Bogus “service” personnel are another source of rogue devices installed at retail locations to capture cardholder data, Leach said. “We are seeing a tremendous rise of fraud from [people impersonating] ‘service providers’ who come into retail operations to interfere with payment terminals,” he said.
In some cases, criminals claiming to represent a card-services provider have installed card-skimming devices in broad daylight, leaving behind bogus business cards and thick “instruction manuals” that fooled business owners and employees, Leach said.

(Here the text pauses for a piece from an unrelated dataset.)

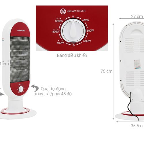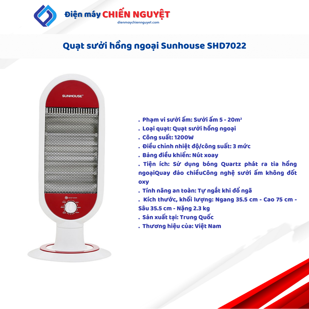 Quạt sưởi hồng ngoại Sunhouse SHD7022 gọn đẹp, sử dụng đơn giản, sưởi ấm tốt và an toàn, gia dụng hữu ích cho gia đình mùa lạnh.

To prevent such attacks, merchants should not admit any unverified service personnel and keep an inventory of the correct serial numbers of payment terminals handy and train personnel to monitor point-of-sale equipment, including cables leading to and from the terminals, for any changes, he said. “Employees should know the legitimate stickers, devices and cables and make managers aware of any changes they see,” Leach advised, adding it also would be wise to conduct background checks on employees, wherever possible, to help ensure they are not likely to cooperate with crooks to install bogus equipment.
Some Threats Not Obvious
Merchants also should ensure there is a “safe” process in place for employees to report suspicious internal activities. “Many staff members can be targeted [by crooks] with threats and bribery, and while most internal threats happen at the manager or senior-management level, detection usually occurs through a lower-level [employee],” so it is critical that employees feel secure in reporting suspicious activities, Leach said.

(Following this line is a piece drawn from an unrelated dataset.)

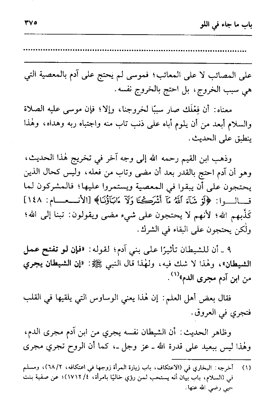وظاهر الحديث: أن الشيطان نفسه يجري من ابن آدم مجرى الدم، وهذا ليس ببعيد على قدرة الله عز وجل، كما أن الروح تجري مجرى الدم،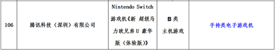 今天,广东省文化和旅游厅官网公布一则《2019年第一季度广东省游戏游艺设备内容审核通过机型机种目录》公示消息,公示内显示任天堂Switch游戏机《新超级马里欧兄弟U 豪华版(体验版)》手持类电子游戏机将由腾讯科技代理。

Telephone exchanges in shopping malls and Wi-Fi networks in heavy-traffic areas are another area of concern, Leach said. Crooks recently installed devices within telephone-network systems to capture cardholder data inside malls, he said.
“These are middleman attacks outside of a merchant’s direct control, but merchants should be aware that fraudsters can get into the walls of malls,” Leach said. Merchants may need help from third-party card-security firms to detect such telephone and network exposure, he added.
Unattended payment kiosks also are becoming vulnerable to crooks, which are discovering new ways to invade them.
“In malls where we are seeing more unattended kiosks with payment terminals, fraudsters are putting lines into the USB ports and compromising the firmware in order to capture card data,” Leach said, noting that providers should physically block access to such terminal data ports, where possible.